#### Extracted information
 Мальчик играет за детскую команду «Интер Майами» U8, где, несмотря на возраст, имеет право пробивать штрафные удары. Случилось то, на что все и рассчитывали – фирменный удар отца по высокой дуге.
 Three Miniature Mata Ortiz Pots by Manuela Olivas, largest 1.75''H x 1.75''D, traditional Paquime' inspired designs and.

...

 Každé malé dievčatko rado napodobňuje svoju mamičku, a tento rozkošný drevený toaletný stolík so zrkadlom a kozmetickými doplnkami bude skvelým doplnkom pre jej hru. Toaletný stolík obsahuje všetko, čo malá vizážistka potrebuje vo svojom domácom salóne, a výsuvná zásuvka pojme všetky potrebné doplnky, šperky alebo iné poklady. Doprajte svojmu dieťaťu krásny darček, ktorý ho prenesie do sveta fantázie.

#### What is needed
Only the lines above starting at the line that holds "Мальчик играет за" and ending at the line that holds "Three Miniature Mata" are to be repeated, exactly and in full.

#### Result for this exercise
 Мальчик играет за детскую команду «Интер Майами» U8, где, несмотря на возраст, имеет право пробивать штрафные удары. Случилось то, на что все и рассчитывали – фирменный удар отца по высокой дуге.
 Three Miniature Mata Ortiz Pots by Manuela Olivas, largest 1.75''H x 1.75''D, traditional Paquime' inspired designs and.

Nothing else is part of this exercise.